### Data for this exercise
§ §
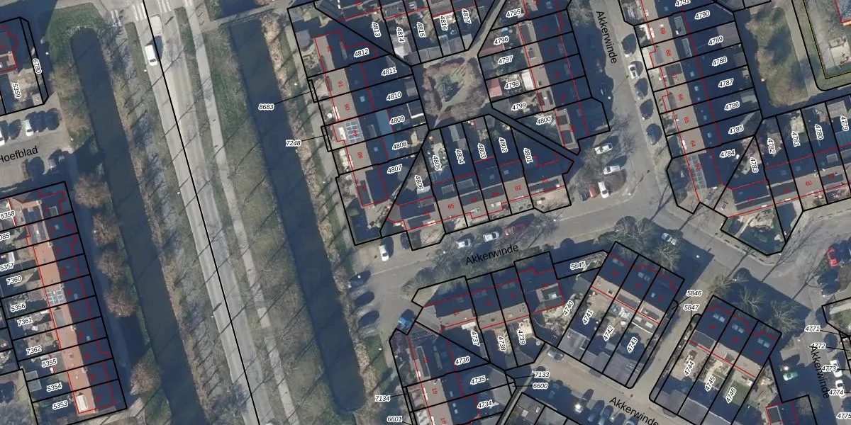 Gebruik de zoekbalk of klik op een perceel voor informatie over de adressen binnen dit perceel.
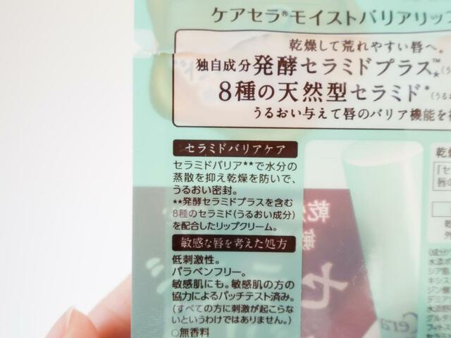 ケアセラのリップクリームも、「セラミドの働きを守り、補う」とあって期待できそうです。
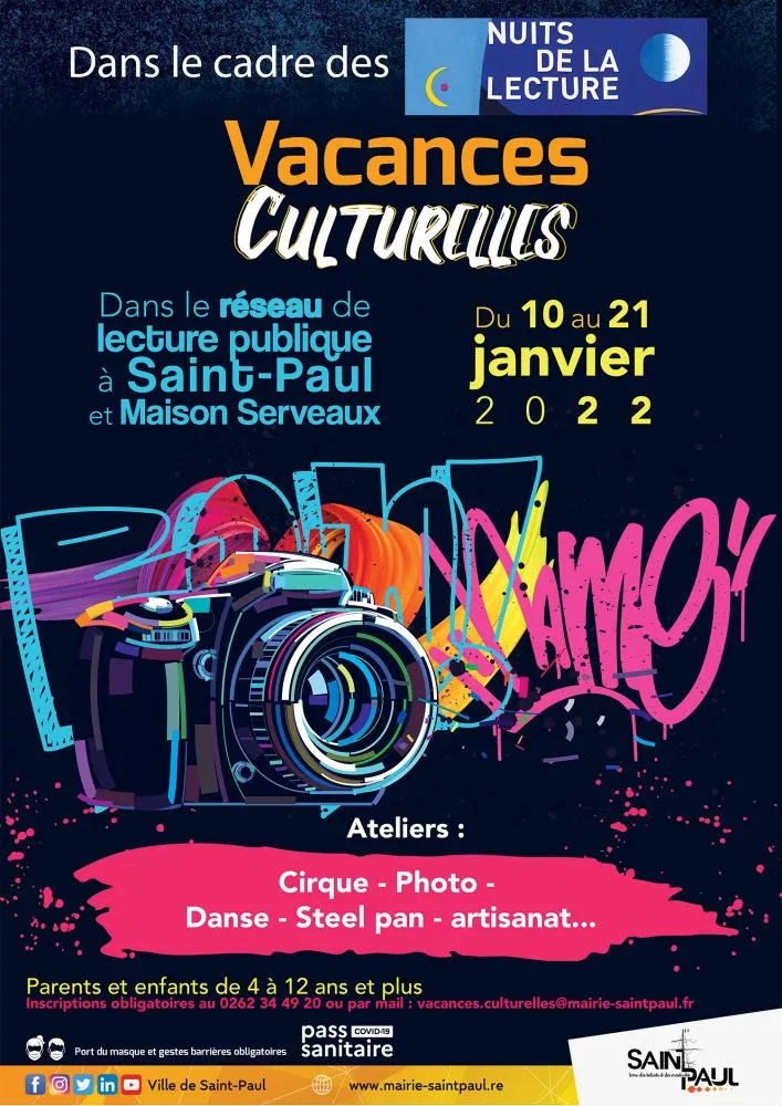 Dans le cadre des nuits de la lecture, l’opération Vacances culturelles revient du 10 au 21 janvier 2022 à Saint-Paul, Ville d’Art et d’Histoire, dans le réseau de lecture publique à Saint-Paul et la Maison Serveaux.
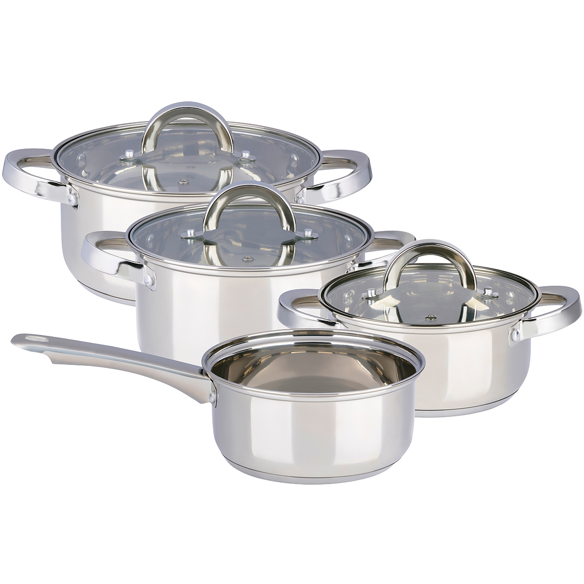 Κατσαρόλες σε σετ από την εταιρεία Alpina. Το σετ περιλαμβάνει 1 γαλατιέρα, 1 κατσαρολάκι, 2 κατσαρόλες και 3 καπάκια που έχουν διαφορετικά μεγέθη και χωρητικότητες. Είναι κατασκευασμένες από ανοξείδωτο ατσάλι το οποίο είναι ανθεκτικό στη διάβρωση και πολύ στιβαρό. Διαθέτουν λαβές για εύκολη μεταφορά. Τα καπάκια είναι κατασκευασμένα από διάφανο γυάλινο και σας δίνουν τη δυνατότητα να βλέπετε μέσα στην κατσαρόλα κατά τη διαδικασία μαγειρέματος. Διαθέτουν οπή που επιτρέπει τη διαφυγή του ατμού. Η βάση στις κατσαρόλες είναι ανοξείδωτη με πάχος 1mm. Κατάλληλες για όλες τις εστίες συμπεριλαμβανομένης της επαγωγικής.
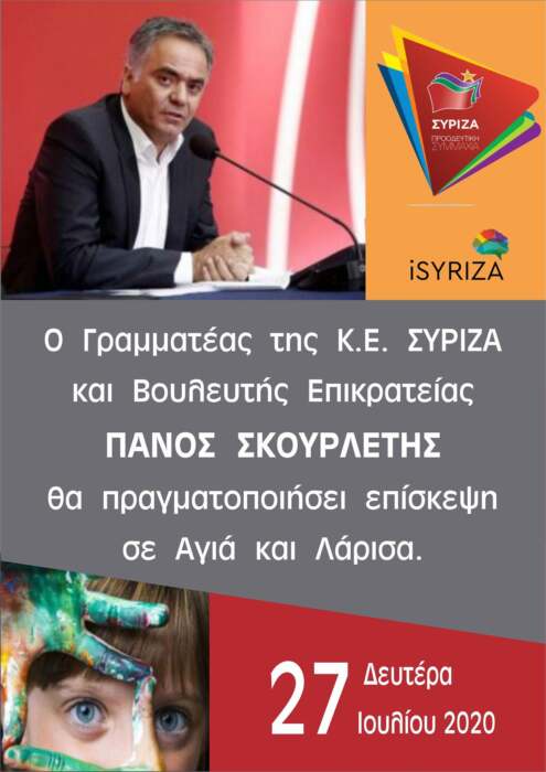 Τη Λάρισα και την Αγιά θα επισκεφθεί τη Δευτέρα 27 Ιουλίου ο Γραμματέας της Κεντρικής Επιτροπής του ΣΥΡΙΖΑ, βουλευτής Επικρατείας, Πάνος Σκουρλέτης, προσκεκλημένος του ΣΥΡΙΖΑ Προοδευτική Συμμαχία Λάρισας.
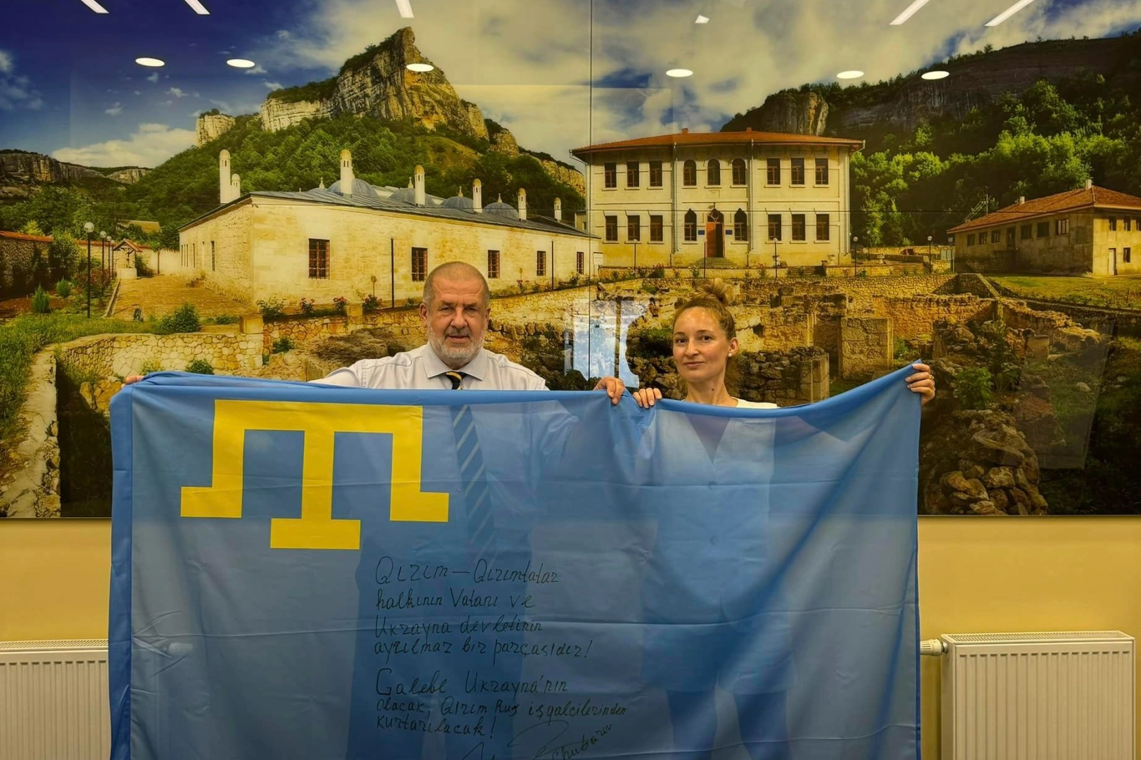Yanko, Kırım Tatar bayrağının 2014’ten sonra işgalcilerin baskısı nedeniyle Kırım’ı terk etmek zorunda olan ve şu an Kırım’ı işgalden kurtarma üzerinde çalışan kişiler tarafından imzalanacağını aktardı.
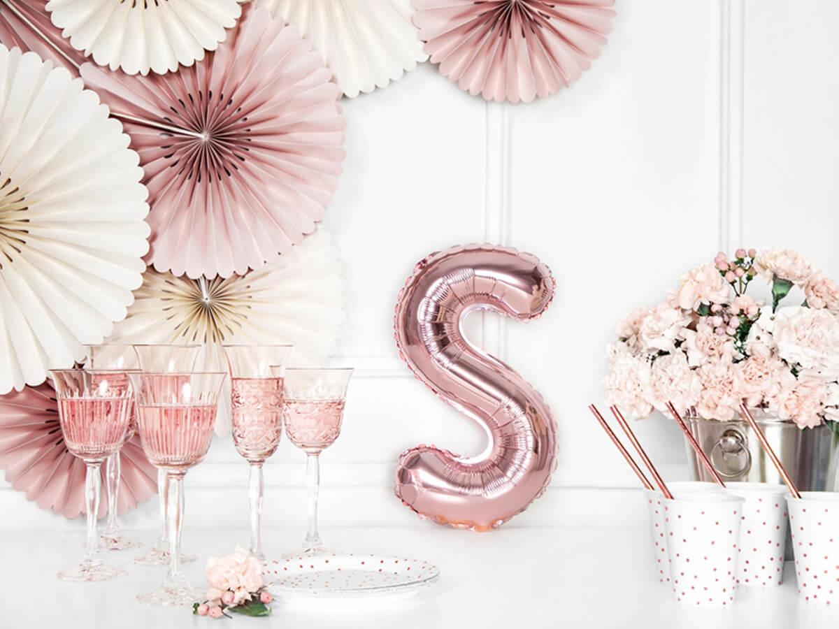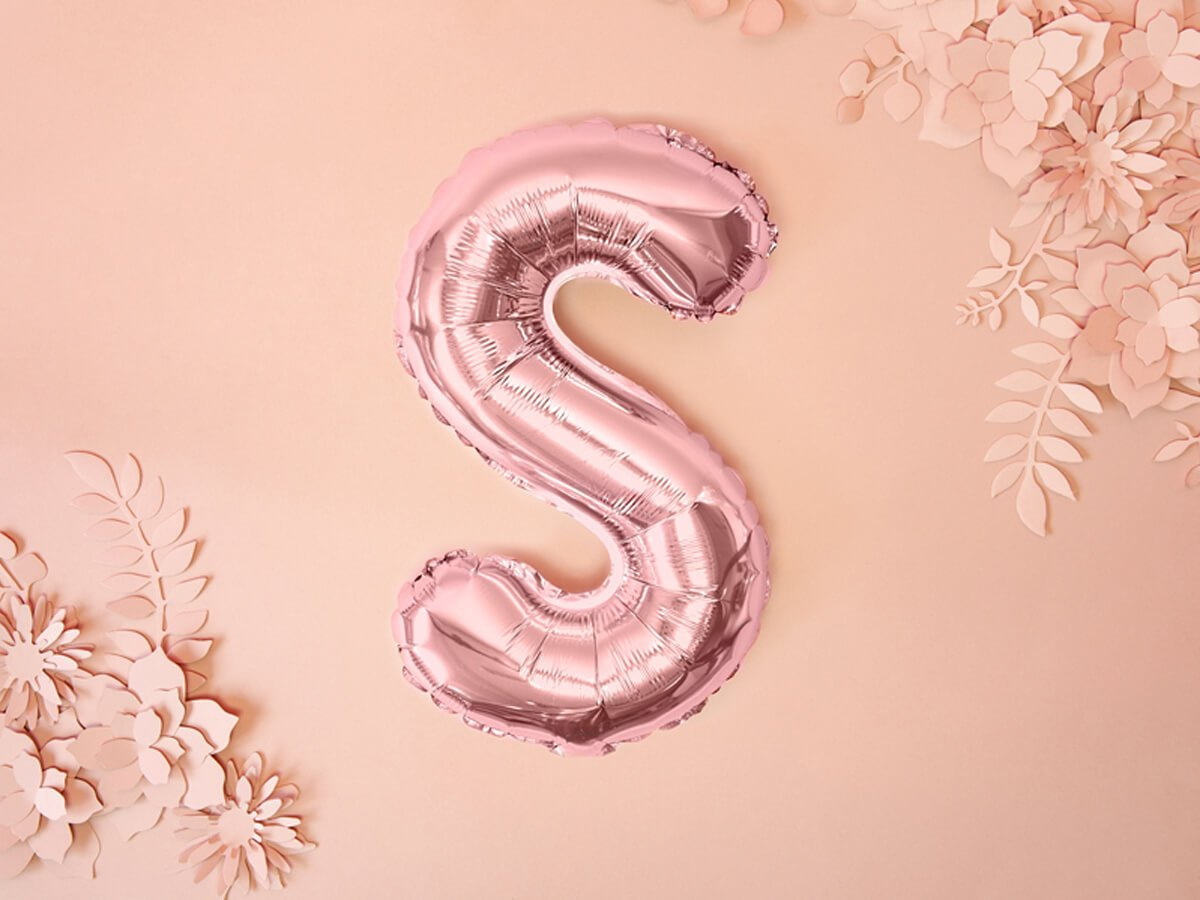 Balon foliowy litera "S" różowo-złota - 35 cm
§ §
### Work to be completed
Leave out every picture, and repeat word for word only the lines from the one holding "Τη Λάρισα και" through the end of the entries above, both ends included.

### Exercise output
 Τη Λάρισα και την Αγιά θα επισκεφθεί τη Δευτέρα 27 Ιουλίου ο Γραμματέας της Κεντρικής Επιτροπής του ΣΥΡΙΖΑ, βουλευτής Επικρατείας, Πάνος Σκουρλέτης, προσκεκλημένος του ΣΥΡΙΖΑ Προοδευτική Συμμαχία Λάρισας.
Yanko, Kırım Tatar bayrağının 2014’ten sonra işgalcilerin baskısı nedeniyle Kırım’ı terk etmek zorunda olan ve şu an Kırım’ı işgalden kurtarma üzerinde çalışan kişiler tarafından imzalanacağını aktardı.
 Balon foliowy litera "S" różowo-złota - 35 cm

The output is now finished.